Uygulamaya konulan krizden çıkış programı ve sağlanan istikrar sayesinde izleyen dönemde düşüşe geçen faiz yükü, 2004 yılında yüzde 40 dolayına, 2005'te yüzde 31'e, 2006'dan itibaren yüzde 20'li düzeylere, 2009'da ise ilk kez yüzde 20'nin de altına indi. Küresel krizin yol açtığı olumsuzluklara rağmen anılan yıl yüzde 19.8 olarak gerçekleşen bütçedeki faiz yükü, 2010'da yüzde 16.4'e, 2011'de de yüzde 13.5'e kadar indi. Bütçedeki faiz yükünde, 2003-2011 döneminde azalan kamu borçlanma gereği ve düşen faiz oranları sayesinde kaydedilen düşüş, 31 puana ulaştı.  Böylece faiz ödemelerinin bütçe büyüklüğü içindeki payı son 28 yılın en düşük düzeyine inmiş oldu.
Yatırımların payında artış yüzde 14.2
2011'de toplam bütçe harcamalarındaki yüzde 6.4'lük artışa karşılık, yatırım harcamaları yüzde 14.2 artışla 37.4 milyar liraya ulaştı. Faiz yükündeki hafiflemenin de katkısıyla genel bütçe giderlerine göre daha hızlı bir artış gösteren yatırım harcamalarının payı 2011'de yüzde 11.9 oranıyla son 19 yılın en yüksek düzeyine çıktı. 
1980'lerin ilk yarısında bütçe harcamalarının yaklaşık beşte birini oluşturan yatırım harcamalarının payı, devletin iyice borç sarmalına girmesi ve borçlanma maliyetlerinin aşırı yükselmesi sonucu giderek düşmeye başladı. 1992 yılında yüzde 14.5 olan bütçede yatırım payı, izleyen yıl yüzde 11.7'ye, 1994'te yüzde 8.5'e, 1995'te yüzde 6'ya, 2001'de ise yüzde 5.1'e kadar indi. Uzun yıllar bu dolayda kalan oran, 2005'ten itibaren yavaş da olsa yükselmeye başladı. Anılan yıl yüzde 7.8'e çıkan yatırımların payı, 2006'da yüzde 8'i, 2008'de yüzde 9'u aştı. Bütçe giderleri içinde yatırıma ayrılan pay 2010 yılında yüzde 11.1 oldu, 2011 yılında ise yüzde 11.9'la son 19 yılın en yüksek düzeyinde gerçekleşti. 
2012'de ne olur?
Küresel finans sisteminde artan belirsizlikler ve yeni bir ağır krizin eşiğinden dönme çabalarının sürdüğü konjonktürün Türkiye'yi de olumsuz etkilemesi sonucu faiz oranları son dönemde yeniden artışa geçti. 2012 bütçesinin toplam büyüklüğü 350.9 milyar lira olarak bağlanırken, bunun içinde faiz ödemeleri için 50.3 milyar TL faiz ödeneği ayrıldı. Buna göre 2012'de toplam bütçe harcamalarının yüzde 14.3'ü oranında bir faiz ödemesi öngörüldü. 2011'e göre toplam bütçe büyüklüğü yüzde 12, faiz ödeneği ise yüzde 19 artırıldı.

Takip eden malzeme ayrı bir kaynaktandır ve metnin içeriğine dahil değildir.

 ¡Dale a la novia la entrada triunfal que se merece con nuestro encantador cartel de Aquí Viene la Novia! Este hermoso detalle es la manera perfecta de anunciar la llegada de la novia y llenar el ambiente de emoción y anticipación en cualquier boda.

Ancak bu yıla ilişkin projeksiyonlar, içinde bulunan konjonktürün daha da negatife dönmesi olasılığını içinde barındırıyor. Toplam bütçe harcaması ve faiz ödemesinde gerçekleşmenin, küresel sistemdeki gelişmelere bağlı olarak değişebileceği belirtiliyor. 2011 yılında da benzer kaygılarla faiz ödeneği 47.5 milyar TL ile yüksek tutulurken, gerçekleşme 42.2 milyar lirada kaldı. Başlangıç hedeflerine göre 2011 yılında bütçenin yüzde 15.2' si oranında bir faiz ödemesi öngörülürken, gerçekleşme yüzde 13.5 oldu. Bu yıl da benzer bir gelişme yaşanma olasılığı bulunuyor. Ancak, küresel koşullardaki olumsuzlukların artması durumunda ise öngörülen düzeyin de aşılması riski bulunuyor. 

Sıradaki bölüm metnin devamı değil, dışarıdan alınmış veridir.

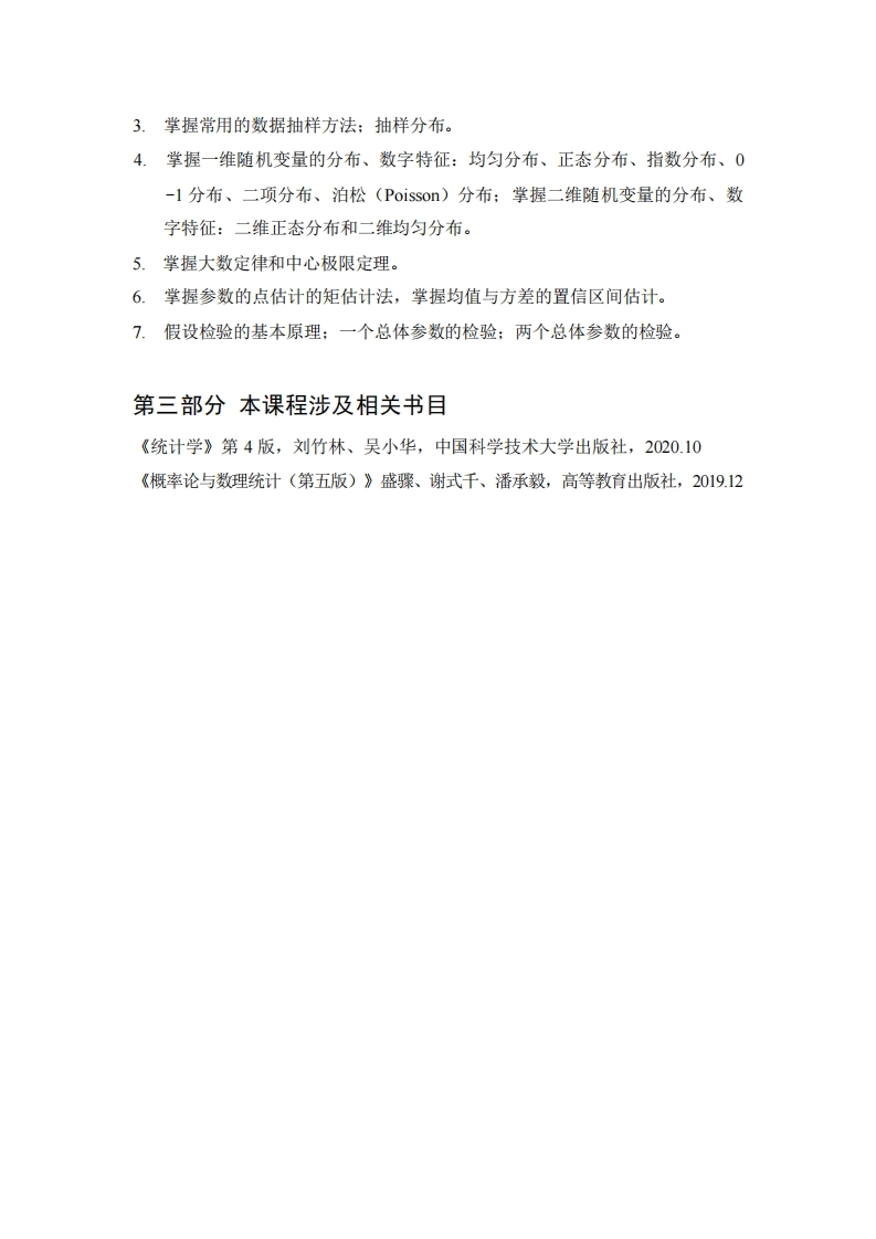 应用统计专业硕士研究生入学考试初试大纲《统计学》考试大纲第一部分考试说明一、考试性质《统计学》是应用统计硕士专业学位研究生入学考试的科目之一。《统计学》考试要求能反映统计学学科的特点,科学、公平、准确地测试考生的基本素质和综合能力,以便很好地选拔具有科研发展潜力的优秀人才进入硕士阶段学习,为国家培养掌握现代统计理论和方法,具有较强分析与解决实际问题能力的高层次的应用型的和复合型的统计专业人才。二、考试内容统计学的基本概念、随机变量及其分布、多维随机变量及其分布、随机变量的数字特征、大数定律及中心极限定理、样本及抽样分布、参数估计、假设检验。三、评价目标1、考生能够准确理解和掌握概率论和统计学的基本概念。2、能够熟练运用概率论的基本方法和技巧,包括概率计算、随机变量的分布计算、数字特征的计算等。3、能够运用所学知识解决实际问题,培养综合能力和逻辑思维能力,这包括但不限于参数估计、假设检验等应用题。四、考试形式与试卷结构本科目试卷满分为150分,考试时间为180分钟,答题方式为闭卷、笔试。可能包含的题型有:填空题、选择题、判断题、计算题、综合题。第二部分考查要点1.统计学的分科:统计数据的种类、来源和质量:统计学的基本概念:总体、样本和变量;统计数据的整理:分布集中趋势的测度;分布离散程度的测度:分布的偏态和峰度:统计表与统计图。2.概率计算公式,随机事件概率的计算。

2012 yılında toplam bütçe büyüklüğünün yüzde 9.2'si oranında 32.2 milyar liralık yatırım ödeneği ayrıldı. Yatırım ödeneği, geçen yılki gerçekleşmenin yüzde 14.1 altında kaldı. Ancak, geçen yıl yatırım harcamalarında başlangıç ödeneğinin çok üzerine çıkılması, bu yıl da ekonomideki gelişmelere bağlı olarak bu ödeneğin ve bütçedeki payının daha yüksek çıkabileceğini gösteriyor.